▶ _Aim of the exercise_
Output only the stretch of the listing that starts at the line containing "直接在【侵权检索 > 版权检索】页面新建的任务,关联ASIN默认为空;" and ends at the line containing "Details:- handmade wicker", reproduced exactly with both ends.

▶ _Data supplied_
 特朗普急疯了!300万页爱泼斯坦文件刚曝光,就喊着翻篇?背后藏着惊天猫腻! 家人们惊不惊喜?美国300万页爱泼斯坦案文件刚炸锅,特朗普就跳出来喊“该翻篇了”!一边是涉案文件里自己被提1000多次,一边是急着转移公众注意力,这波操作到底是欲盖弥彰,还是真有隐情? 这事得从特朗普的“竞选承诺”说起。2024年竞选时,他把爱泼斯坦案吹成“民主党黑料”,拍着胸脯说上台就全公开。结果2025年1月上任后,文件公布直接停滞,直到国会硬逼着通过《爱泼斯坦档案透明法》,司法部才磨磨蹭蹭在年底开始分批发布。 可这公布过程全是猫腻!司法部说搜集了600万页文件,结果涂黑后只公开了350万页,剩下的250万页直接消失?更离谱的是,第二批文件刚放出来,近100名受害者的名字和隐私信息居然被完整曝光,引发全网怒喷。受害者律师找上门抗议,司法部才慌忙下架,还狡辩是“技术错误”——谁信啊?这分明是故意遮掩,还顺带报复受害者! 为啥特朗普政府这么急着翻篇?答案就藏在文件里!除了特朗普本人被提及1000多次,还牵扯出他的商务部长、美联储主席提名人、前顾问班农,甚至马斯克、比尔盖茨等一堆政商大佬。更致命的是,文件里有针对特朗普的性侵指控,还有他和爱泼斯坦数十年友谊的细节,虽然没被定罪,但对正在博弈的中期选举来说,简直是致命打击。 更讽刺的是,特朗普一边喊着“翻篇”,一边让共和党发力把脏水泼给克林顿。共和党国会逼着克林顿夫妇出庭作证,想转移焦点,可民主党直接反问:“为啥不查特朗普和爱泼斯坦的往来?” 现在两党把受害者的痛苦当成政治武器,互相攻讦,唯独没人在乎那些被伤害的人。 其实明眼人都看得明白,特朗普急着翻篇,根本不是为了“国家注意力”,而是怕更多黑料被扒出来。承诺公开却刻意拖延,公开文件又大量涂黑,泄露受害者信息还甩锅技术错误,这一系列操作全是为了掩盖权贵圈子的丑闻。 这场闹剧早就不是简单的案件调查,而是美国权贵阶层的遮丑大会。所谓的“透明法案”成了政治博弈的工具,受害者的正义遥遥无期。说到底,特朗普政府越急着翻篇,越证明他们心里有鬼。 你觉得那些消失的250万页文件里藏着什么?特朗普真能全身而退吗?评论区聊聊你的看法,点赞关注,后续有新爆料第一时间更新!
==
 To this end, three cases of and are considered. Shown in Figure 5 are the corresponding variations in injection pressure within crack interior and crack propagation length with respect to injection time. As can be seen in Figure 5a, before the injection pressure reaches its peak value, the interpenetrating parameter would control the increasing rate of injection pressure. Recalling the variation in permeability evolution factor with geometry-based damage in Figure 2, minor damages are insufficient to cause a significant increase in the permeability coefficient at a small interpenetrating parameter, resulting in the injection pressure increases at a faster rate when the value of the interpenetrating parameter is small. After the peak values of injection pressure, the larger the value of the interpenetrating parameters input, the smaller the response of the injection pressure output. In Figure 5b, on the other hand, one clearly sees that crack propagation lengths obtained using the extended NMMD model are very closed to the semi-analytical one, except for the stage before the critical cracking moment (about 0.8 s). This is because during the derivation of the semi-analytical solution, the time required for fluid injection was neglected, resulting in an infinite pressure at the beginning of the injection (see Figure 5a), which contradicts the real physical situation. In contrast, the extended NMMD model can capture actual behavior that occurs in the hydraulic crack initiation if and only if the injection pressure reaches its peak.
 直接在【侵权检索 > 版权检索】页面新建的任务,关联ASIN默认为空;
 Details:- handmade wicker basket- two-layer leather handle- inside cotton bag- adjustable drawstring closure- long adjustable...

▶ _Written solution_
 直接在【侵权检索 > 版权检索】页面新建的任务,关联ASIN默认为空;
 Details:- handmade wicker basket- two-layer leather handle- inside cotton bag- adjustable drawstring closure- long adjustable...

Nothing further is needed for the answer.